### MATERIAL FOR THE TASK ###

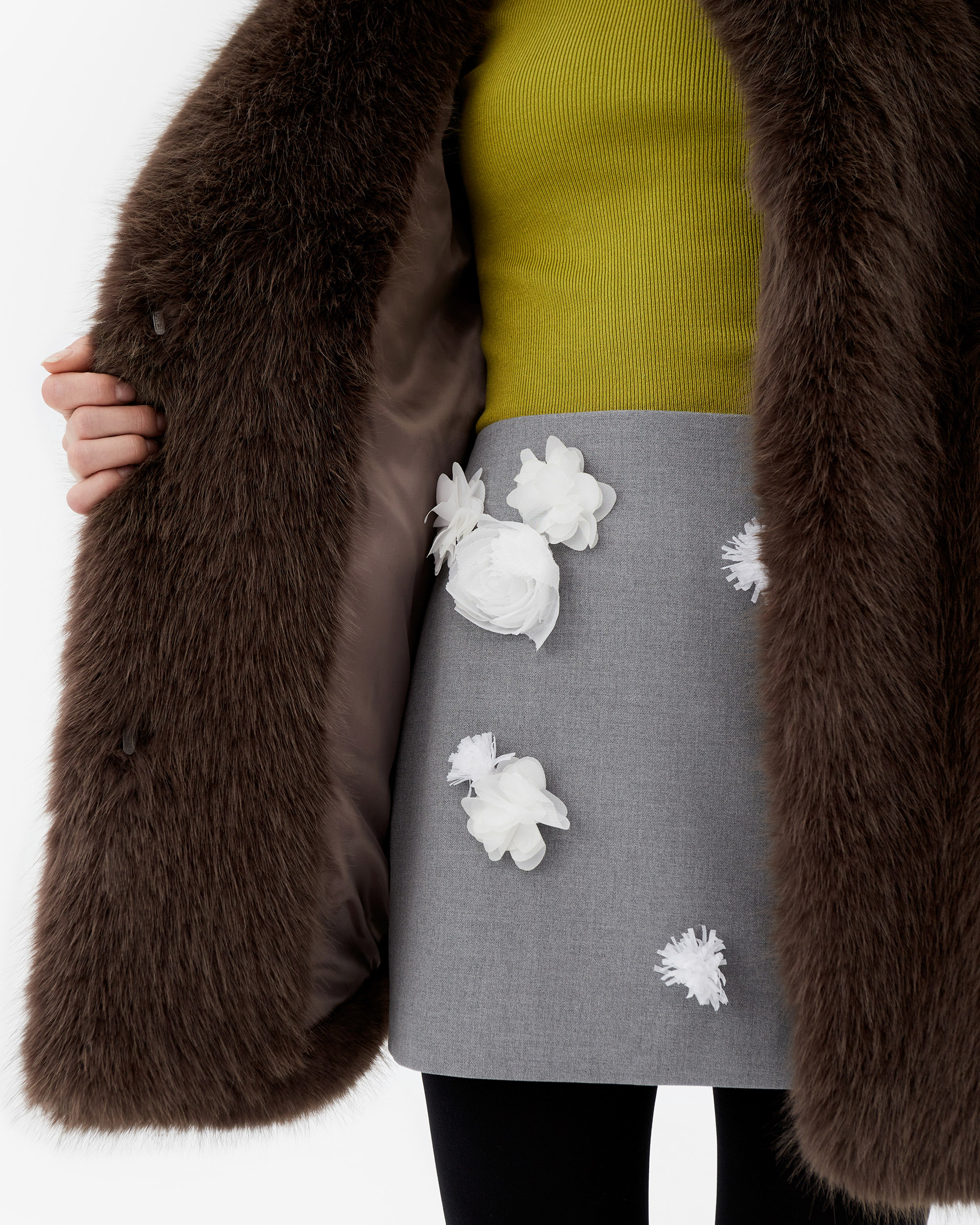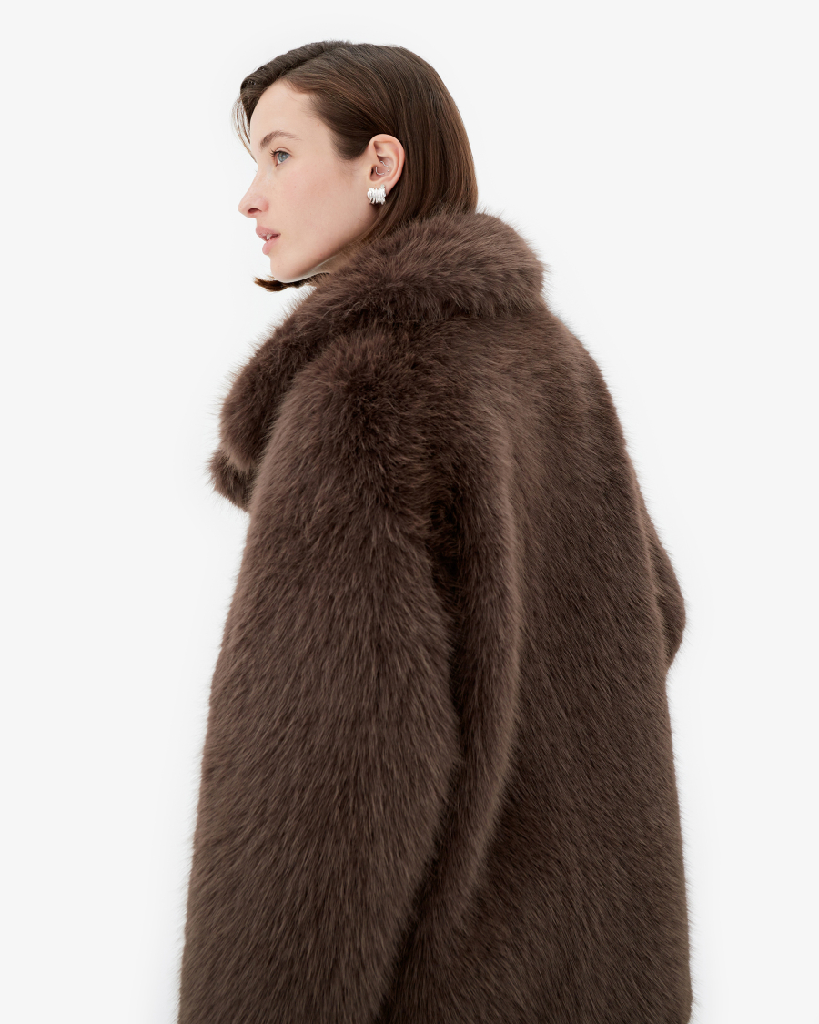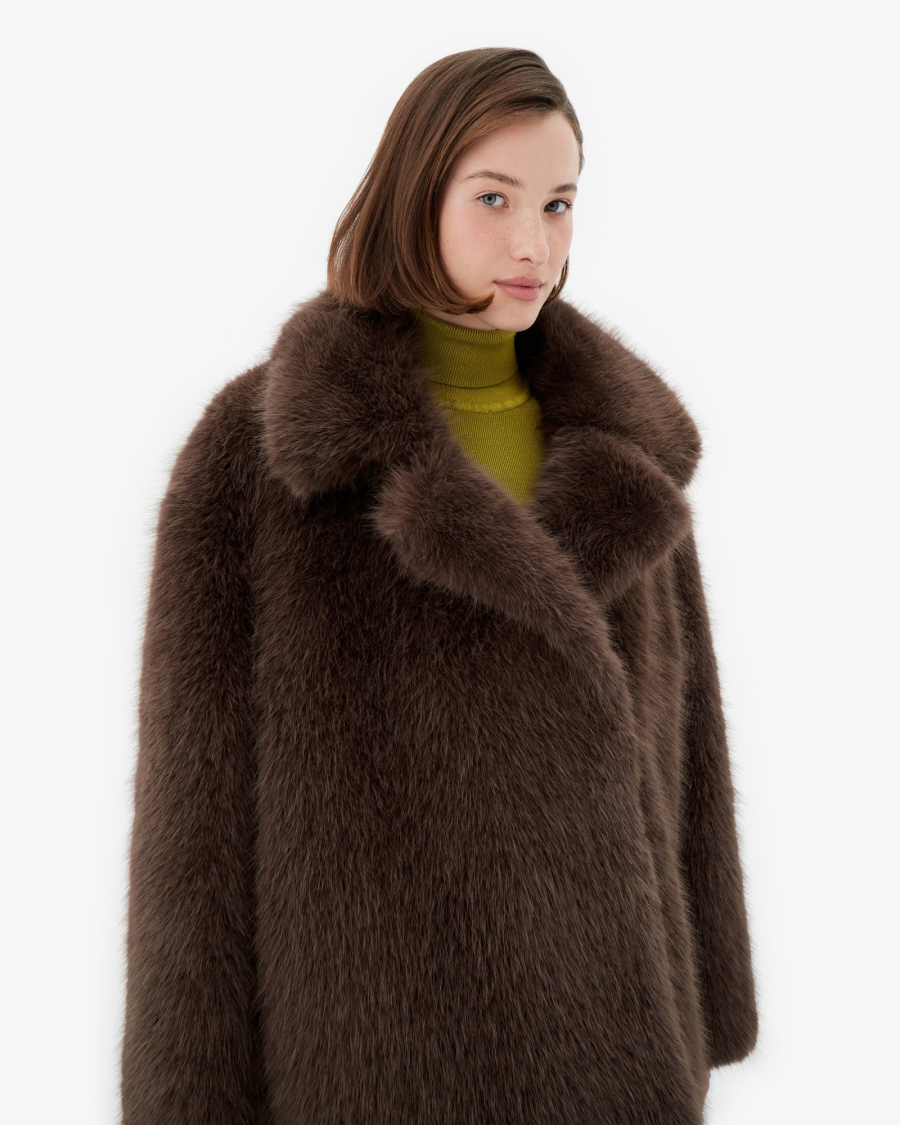 Укороченная экошуба оверсайз фасона с английским воротником, который можно поднять и застегнуть на крючок. Объемный, воздушный мех под песца не утяжеляет изделия, а мягкая текстура вызывает желание прикоснуться. Самый правильный оверсайз силуэт для самых актуальных образов.
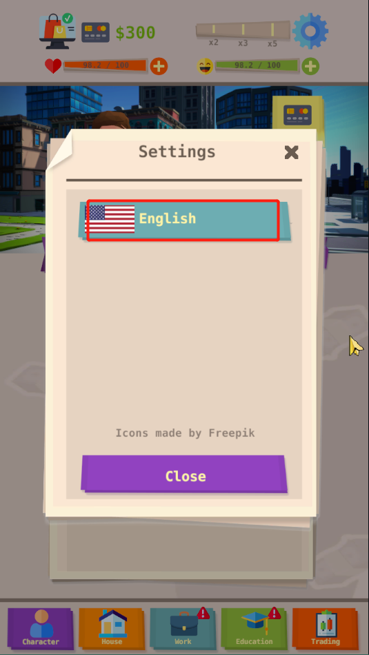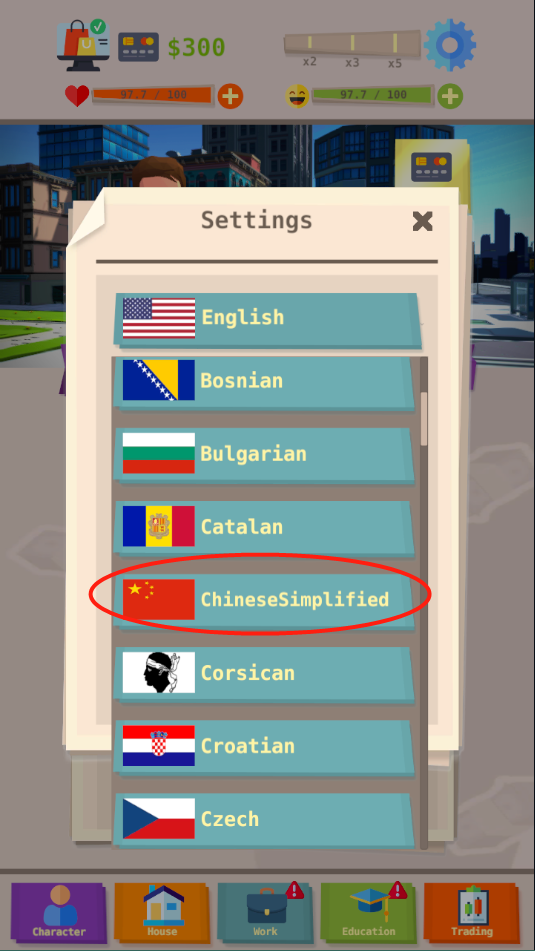 切换中文的方法很简单:进入设置,找到English选项,滑动到“Chinese Simplified”就可以了。新手教程也挺详细,比如先完成家里标记任务,再买个便宜的房子,然后去贸易市场赚点小钱,慢慢积累经验和奖金,解锁更高收入的工作和课程。
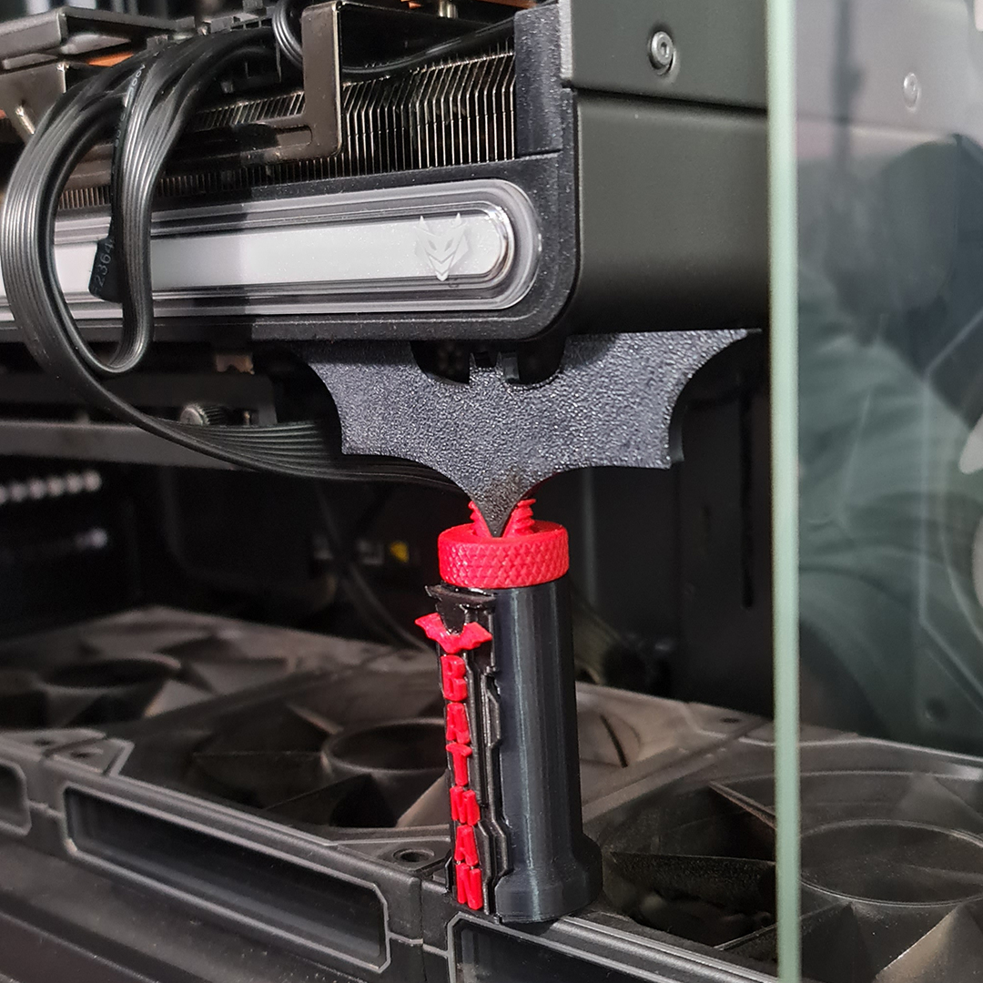 Bring Gotham-level strength to your PC setup with the Batman GPU Support Bracket. Designed for high-end graphics cards, this 3D-printed bracket ensures your GPU stays perfectly aligned while enhancing your build with a bold Batman theme.
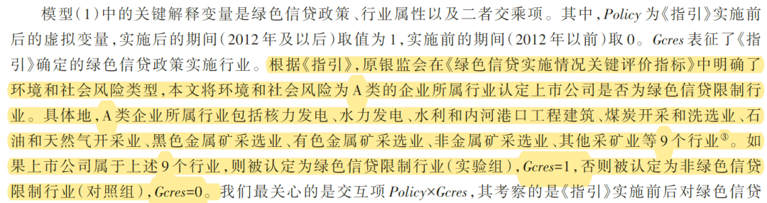 | DID指标 | Gcres*Policy,绿色信贷限制行业的企业在2012年之后赋值为1,否则为0 |
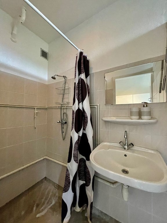 A través de la cocina también se puede acceder al baño alicatado, dotado de ducha a ras de suelo y mueble lavabo con espejo.
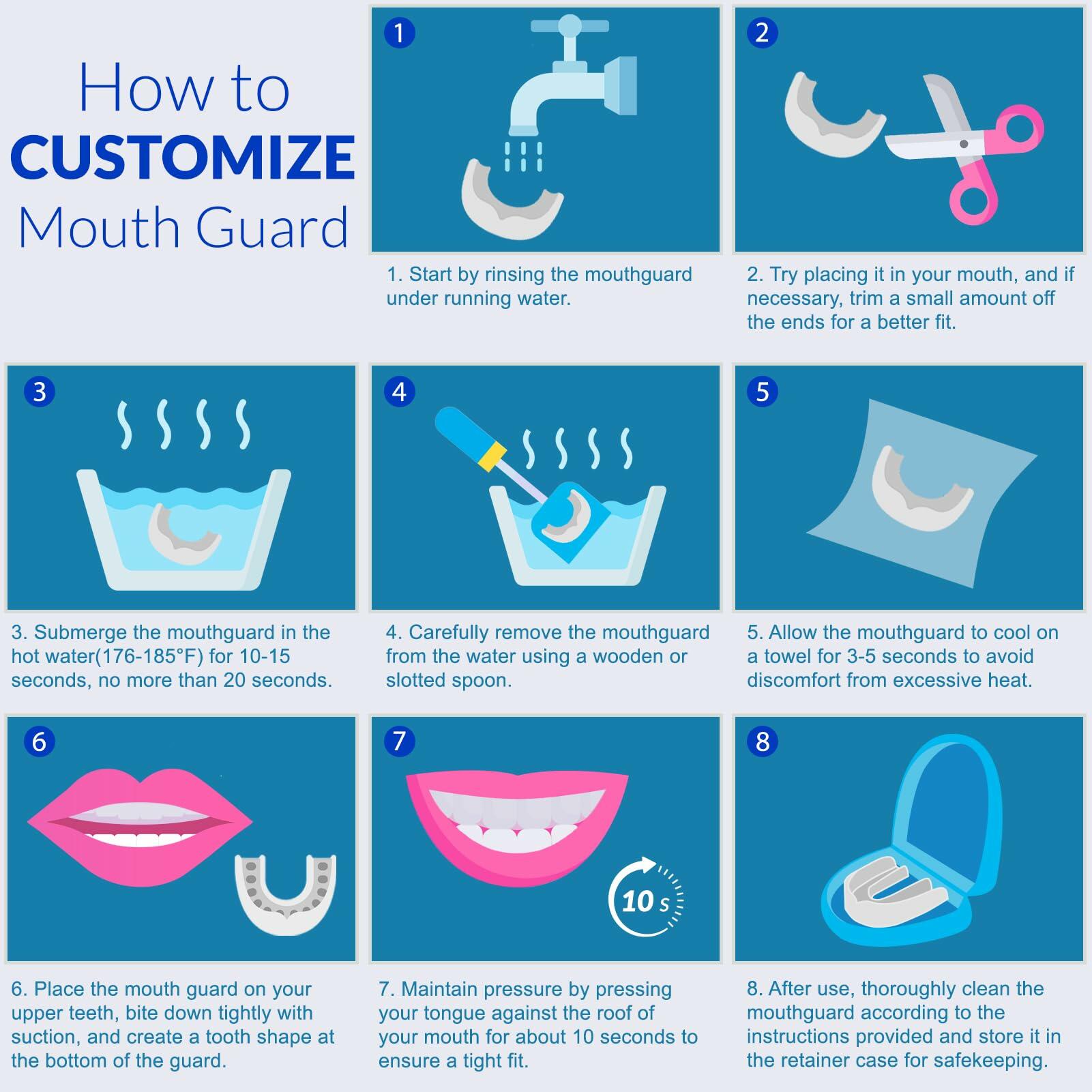 - EASY TO USE: Clear, step-by-step instructions are provided for easy molding and use of the mouth guard for grinding teeth at night. It’s important to follow these directions carefully for optimal results. We are confident that using our mouth guard for clenching teeth at night will improve your sleep quality, leading to a more refreshed and energized day.

###

THE TASK ▸ Keep every word of the lines above unchanged in the copy, and omit the pictures.

RESPONSE ▸
 Укороченная экошуба оверсайз фасона с английским воротником, который можно поднять и застегнуть на крючок. Объемный, воздушный мех под песца не утяжеляет изделия, а мягкая текстура вызывает желание прикоснуться. Самый правильный оверсайз силуэт для самых актуальных образов.
 切换中文的方法很简单:进入设置,找到English选项,滑动到“Chinese Simplified”就可以了。新手教程也挺详细,比如先完成家里标记任务,再买个便宜的房子,然后去贸易市场赚点小钱,慢慢积累经验和奖金,解锁更高收入的工作和课程。
 Bring Gotham-level strength to your PC setup with the Batman GPU Support Bracket. Designed for high-end graphics cards, this 3D-printed bracket ensures your GPU stays perfectly aligned while enhancing your build with a bold Batman theme.
 | DID指标 | Gcres*Policy,绿色信贷限制行业的企业在2012年之后赋值为1,否则为0 |
 A través de la cocina también se puede acceder al baño alicatado, dotado de ducha a ras de suelo y mueble lavabo con espejo.
 - EASY TO USE: Clear, step-by-step instructions are provided for easy molding and use of the mouth guard for grinding teeth at night. It’s important to follow these directions carefully for optimal results. We are confident that using our mouth guard for clenching teeth at night will improve your sleep quality, leading to a more refreshed and energized day.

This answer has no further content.